Wrap launch bounds #570

gevtushenko · 2022-09-05T06:56:59Z

This PR addresses the following issue by replacing __launch_bounds__ usages with CUB_DETAIL_LAUNCH_BOUNDS. CUB_DETAIL_LAUNCH_BOUNDS leads to __launch_bounds__ usage only when RDC is not specified. Builds without RDC are not affected by this PR. For builds with RDC, the max performance differences are:

facility	type	diff
cub::DeviceSelect::If (complex predicate)	All	0%
cub::DeviceSelect::If	U32	-9%
cub::DeviceSelect::If	U64	0%
cub::DeviceSegmentedReduce::Sum	U8	1%
cub::DeviceSegmentedReduce::Sum	U64	-10%
cub::DeviceSegmentedRadixSort::SortPairs	U{8,16}	4%
cub::DeviceSegmentedRadixSort::SortPairs	U{32,64}	-32%
cub::DeviceSegmentedRadixSort::SortKeys	U{8,16}	8%
cub::DeviceSegmentedRadixSort::SortKeys	U{32,64}	-25%
cub::DeviceScan::InclusiveSum	All	0%
cub::DeviceScan::InclusiveSum - complex op	F32	-7%
cub::DeviceScan::ExclusiveSum	All	0%
cub::DeviceReduce::Reduce - custom op	All	-8%
cub::DeviceReduce::Reduce	U8	20%
cub::DeviceReduce::Reduce	U32	8%
cub::DeviceReduce::Reduce	F64	-4%
cub::DevicePartition::If	All	-4%
cub::DeviceHistogram::HistogramRange - A lot of bins	U64	30%
cub::DeviceHistogram::HistogramRange	All	0%
cub::DeviceHistogram::HistogramEven - A lot of bins	U32	-20%
cub::DeviceHistogram::HistogramEven	All	0%
cub::DeviceAdjacentDifference	All	0%

Negative diff means speedup of the version without __launch_bounds__. Since the results are quite controversial, I wouldn't like to advertise the macro as our API. If absolutely needed, one might define:

#define CUB_DETAIL_LAUNCH_BOUNDS(...) \
  __launch_bounds__(__VA_ARGS__)

#include <cub/cub.cuh>

But for now it's an implementation detail that fixes compilation with RDC in some corner cases.
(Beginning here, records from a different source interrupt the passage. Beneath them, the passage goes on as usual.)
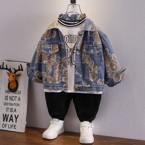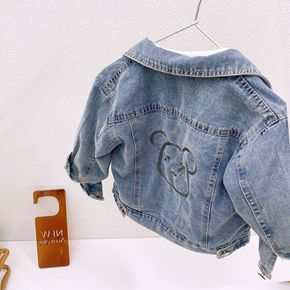 儿童韩版刺绣小熊牛仔外套男童女童春秋装牛仔衣小童宝...
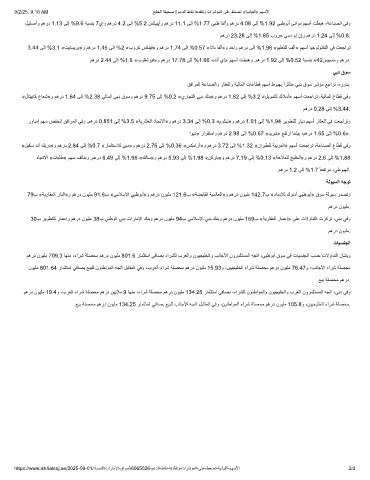 روﺎﺑﻣإ مﮭﺳ ضﻔﺧﻧا ﻖﻓارﻣﻟا ﻲﻓو .مھرد 0.851 ﻰﻟإ %3.5 «ﺔﯾرﺎﻘﻌﻟا دﺎﺣﺗﻻا»و مھرد 3.34 ﻰﻟإ %0.3 «موﻛﯾﺗ»و مھرد 1.01 ﻰﻟإ %1.94 رﯾوطﺗﻠﻟ رﺎﯾد مﮭﺳأ رﺎﻘﻌﻟا ﻲﻓ تﻌﺟارﺗو
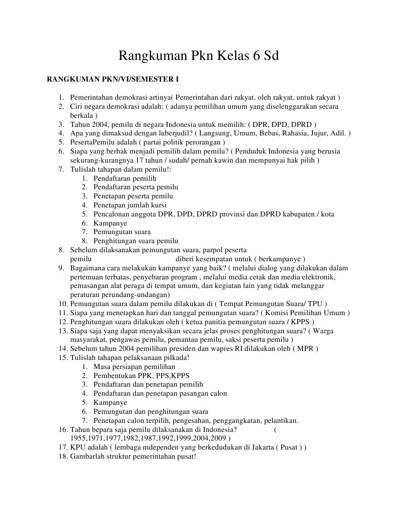 Rangkuman Materi PKn Kelas 6 Semester 1 dan 2 lengkap - Aneka …
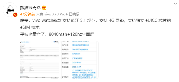 10 月 11 日,有数码博主表示 vivo 新款智能手表即将到来,除了支持上述 eSIM 功能以外还将支持 4G 网络、蓝牙 5.1 和语音输入。
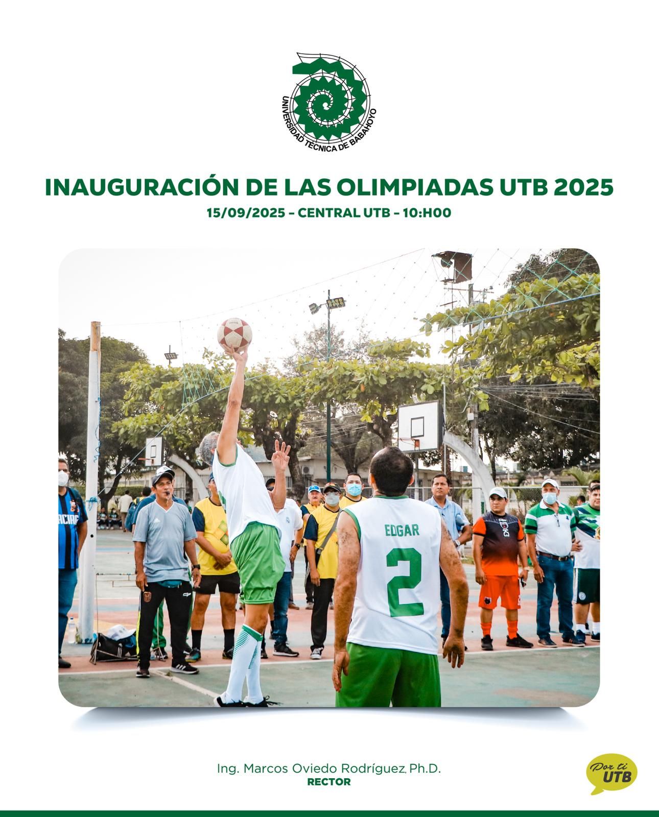 Este 15 de septiembre, en la Central UTB, se desarrollará la ceremonia de apertura que marca el inicio de una nueva edición de nuestras Olimpiadas, fortaleciendo la integración, el compañerismo y el espíritu deportivo de la comunidad universitaria.
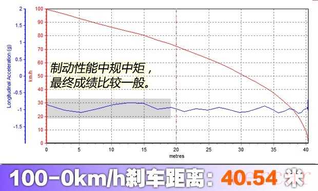 制动测试最终成绩为40.56米,相比1.4T车型的40.15米差距不大,考虑到轮胎更窄的缘故(此前测试车型配备225mm宽度轮胎),刹车距离没有变长太多也算是值得欣慰了,表现属于合格范畴。不过考虑到此前我的同事曾经在湿地踩出了37.04米的极佳成绩,或许测试环境等外界因素对最终成绩产生了不小的影响。
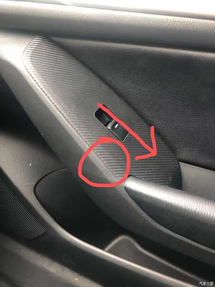 首先要把拉手里的那个塑料片抠出来,这样就能取掉第一颗螺丝,接着把扶手坑里面的胶皮垫取掉,就看到第二颗螺丝(这里很简单没有拍图),把螺丝取掉后我们需要把玻璃升降开关取下(在此之前确保车窗处于关闭状态)。
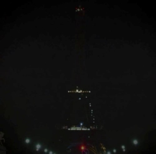 Tháp Eiffel tắt đèn để tưởng nhớ nạn nhân trong cuộc tấn công liên hoàn đêm 13/11. Ảnh:Jon Swaine Twitter.
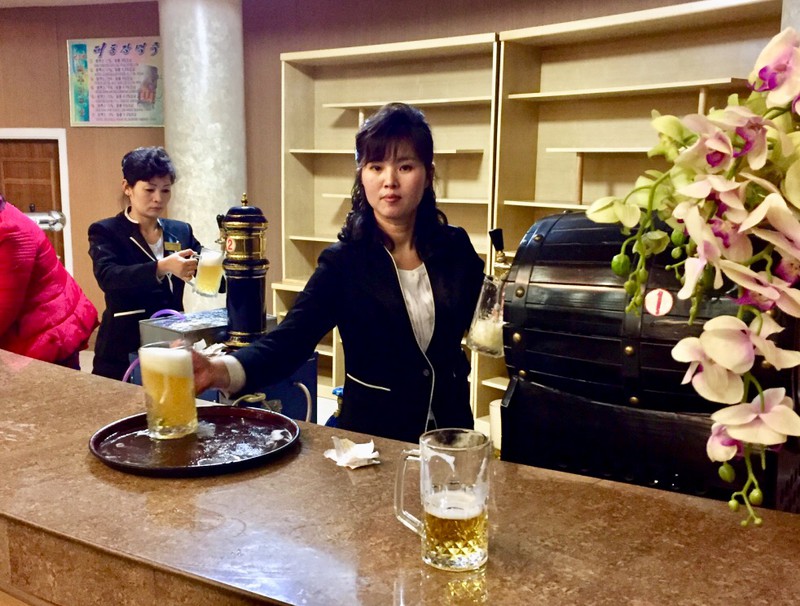 Một nữ nhân viên đang phục vụ bia tại một nhà máy bia ở trung tâm Bình Nhưỡng. |
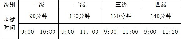 一級(jí)B:3分鐘/1名考生;一級(jí):8分鐘/2名考生;二級(jí):10分鐘/2名考生;三級(jí):10分鐘/2名考生;四級(jí):12分鐘/2名考生。

Going forward, we might consider having tuning API that would control __launch_bounds__ specification as well as pragma unroll usage. The default tuning would be a function of the input types.

cub/device/dispatch/dispatch_histogram.cuh

dkolsen-pgi · 2022-09-05T17:06:38Z

The performance results are interesting with the mix of better and worse. My interpretation of that is that some of the functions are not as well tuned as they could be.

gevtushenko · 2022-09-05T17:30:45Z

The performance results are interesting with the mix of better and worse. My interpretation of that is that some of the functions are not as well tuned as they could be.

My interpretation is that presence of __launch_bounds__ probably wasn't questioned during the tuning process before.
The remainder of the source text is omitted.